Throwing out draws to calculate Elo

Dann Corbit · Post by **Dann Corbit** » Tue Jun 30, 2020 11:50 pm

Let me be perfectly clear:
If there were no such thing as randomness in engine game outcomes, then my argument would be completely wrong.

hgm · Post by **hgm** » Tue Jun 30, 2020 11:55 pm

Dann Corbit wrote: ↑Tue Jun 30, 2020 11:34 pmBut if absolultely identically equal engines play each other thousands of times, the number of wins and losses will not be the same.

They would be if the engines played perfect chess. They would then always be zero, because all games would end in a draw.

You know this, play stockfish against itself for one hundred games.

But Stockfish does not play perfect chess.
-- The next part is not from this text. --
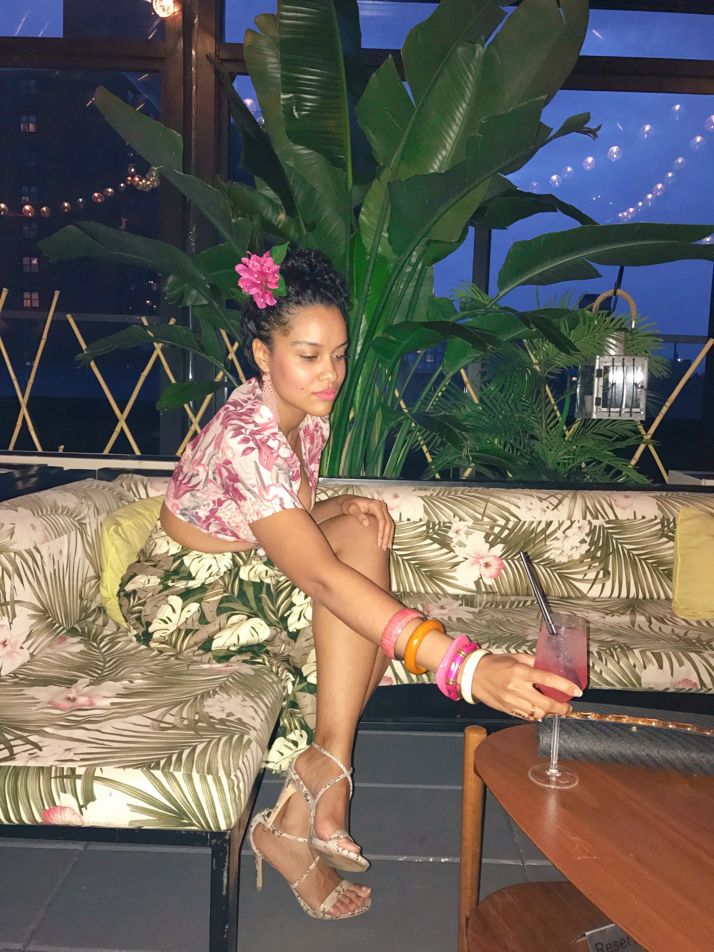 I have a tropical mind, body & soul (also the title for my debut R&B album), after all I grew up in Guyana with an average low temperature of 75 degrees so you can imagine my bewilderment during the cold months here in NYC. But here’s the deal, no matter how much I fret, I chose to live in NYC so I suck it up and also try to go on vacation during the Winter. Unfortunately, I can’t stay on vacay so when I’m not traveling to a tropical paradise, I’m always on the hunt for tropical-inspired places in NYC. It’s not only my favorite choice of decor but also helps to keep me happy because once I’m inside and away from the elements, I can pretend I’m where my heart truly belongs! I can imagine I’m back home in Guyana, even for a little bit.

It loses games. Play a good Tic-Tac-Toe engine against itself. Then the number of wins will always be the same.

Hence, a small difference in wins and losses does not tell us which engine is stronger. In order to know if it *might* be stronger, it must be outside of the error bands.

The problem is that you don't grasp what is 'small'. We discussed this before in connection with a WCCC result, and it turned out you are really clueless where statistics is concerned. Statistically speaking, 8-0 is NOT a small difference. 508-500 is a small difference, however. Whether a difference is statistically significant or not depends on the ratio of the difference to the standard deviation. If the result is almost always a draw, the standard deviation is almost zero.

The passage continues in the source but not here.